▶ **To do**
Where "voor" occurs in a line of the entries below, copy that line.

▶ **Data to use**

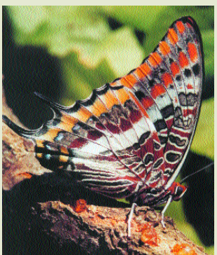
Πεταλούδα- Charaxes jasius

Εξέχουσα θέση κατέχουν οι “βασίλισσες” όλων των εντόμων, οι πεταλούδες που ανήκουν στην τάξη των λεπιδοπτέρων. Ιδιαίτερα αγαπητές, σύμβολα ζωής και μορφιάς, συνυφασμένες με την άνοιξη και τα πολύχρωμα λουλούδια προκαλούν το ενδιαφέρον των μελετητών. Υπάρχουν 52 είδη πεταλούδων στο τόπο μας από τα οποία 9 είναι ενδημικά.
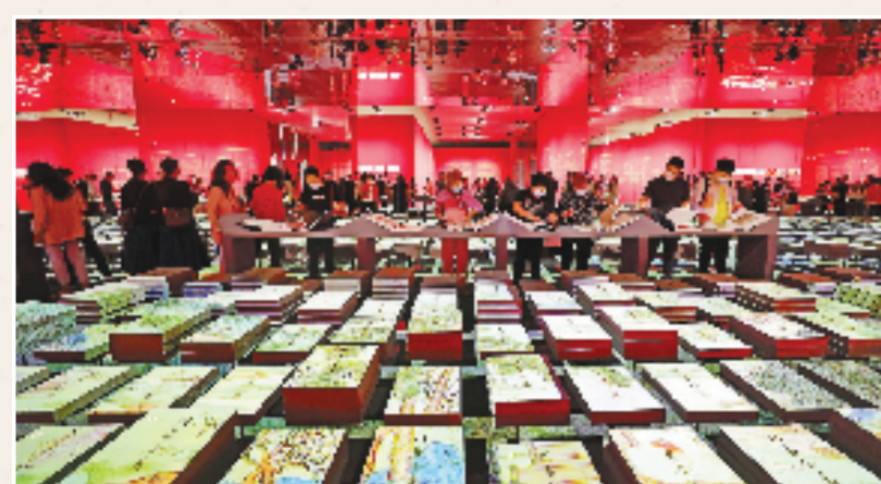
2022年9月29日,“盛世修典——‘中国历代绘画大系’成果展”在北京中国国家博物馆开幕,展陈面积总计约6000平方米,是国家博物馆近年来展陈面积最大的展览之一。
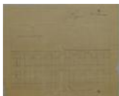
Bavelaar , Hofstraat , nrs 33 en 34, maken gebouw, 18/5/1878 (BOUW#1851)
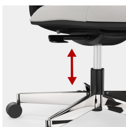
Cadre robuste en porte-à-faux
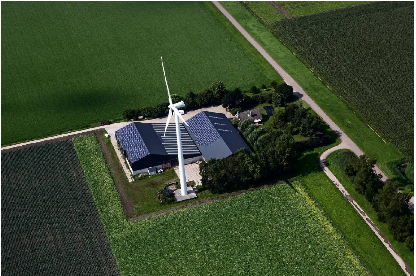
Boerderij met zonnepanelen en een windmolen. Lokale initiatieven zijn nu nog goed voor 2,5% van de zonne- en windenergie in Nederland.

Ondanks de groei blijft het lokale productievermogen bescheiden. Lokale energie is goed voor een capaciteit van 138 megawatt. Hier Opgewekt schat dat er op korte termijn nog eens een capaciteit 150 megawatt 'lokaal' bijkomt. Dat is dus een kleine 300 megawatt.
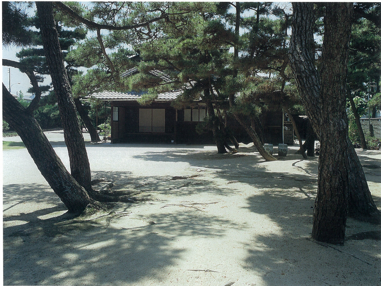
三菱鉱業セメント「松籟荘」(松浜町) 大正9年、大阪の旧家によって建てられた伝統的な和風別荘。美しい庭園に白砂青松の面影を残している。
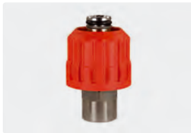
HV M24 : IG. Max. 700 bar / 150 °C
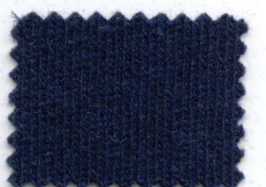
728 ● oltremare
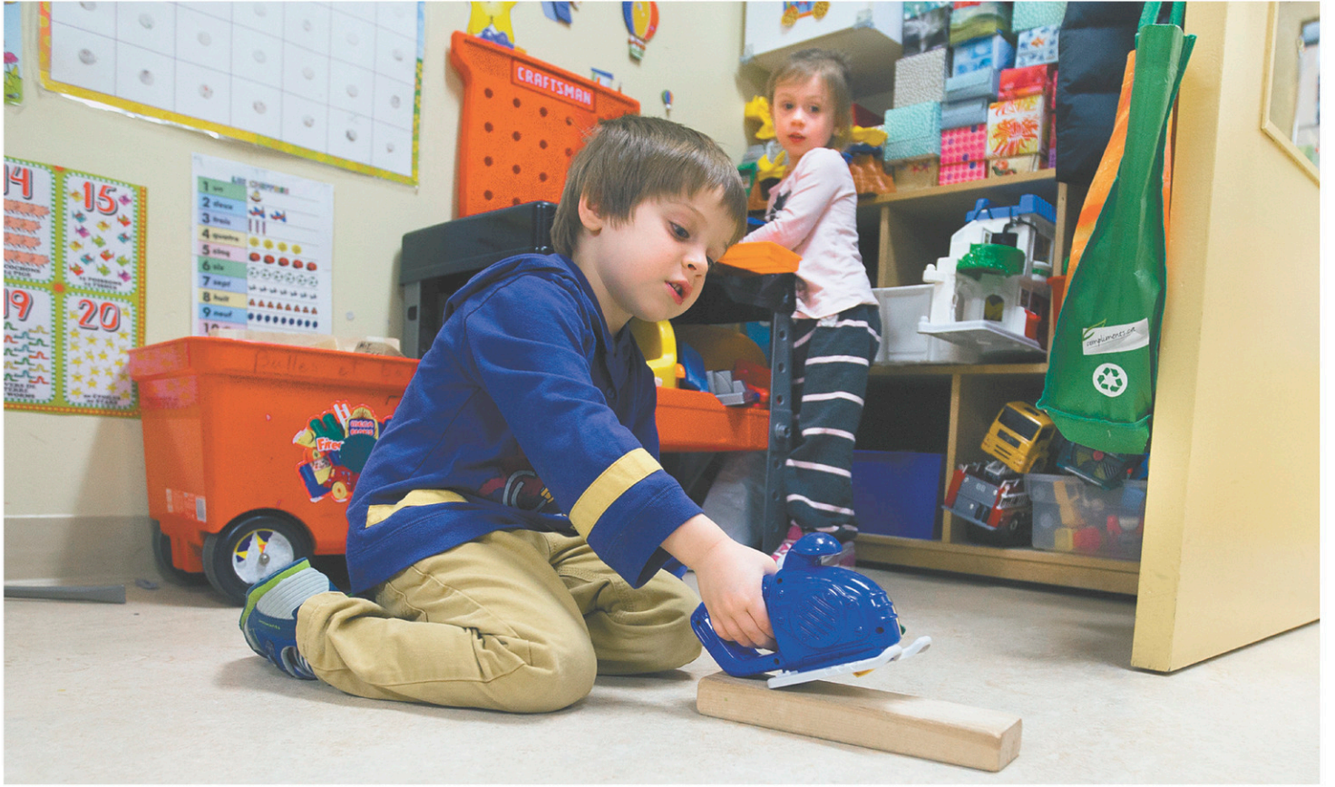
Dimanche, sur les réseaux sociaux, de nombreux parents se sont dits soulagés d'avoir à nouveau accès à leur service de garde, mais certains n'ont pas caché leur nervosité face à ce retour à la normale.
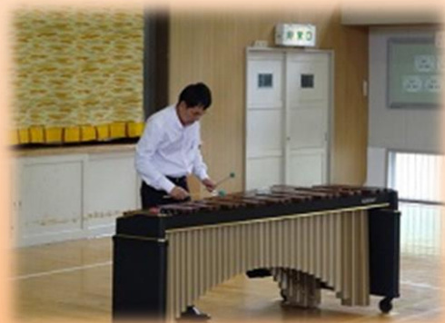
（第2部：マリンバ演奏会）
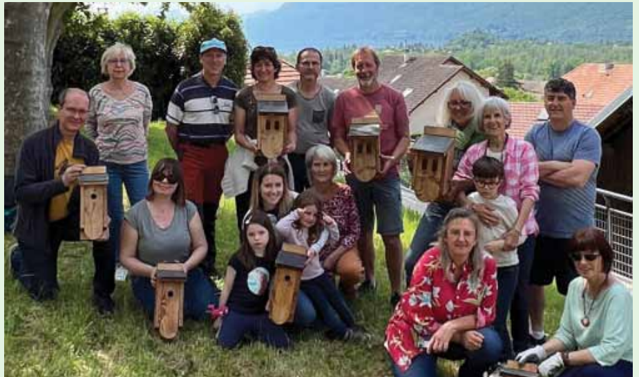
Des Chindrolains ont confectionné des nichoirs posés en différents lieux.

▶ **Task answer**
Boerderij met zonnepanelen en een windmolen. Lokale initiatieven zijn nu nog goed voor 2,5% van de zonne- en windenergie in Nederland.
Ondanks de groei blijft het lokale productievermogen bescheiden. Lokale energie is goed voor een capaciteit van 138 megawatt. Hier Opgewekt schat dat er op korte termijn nog eens een capaciteit 150 megawatt 'lokaal' bijkomt. Dat is dus een kleine 300 megawatt.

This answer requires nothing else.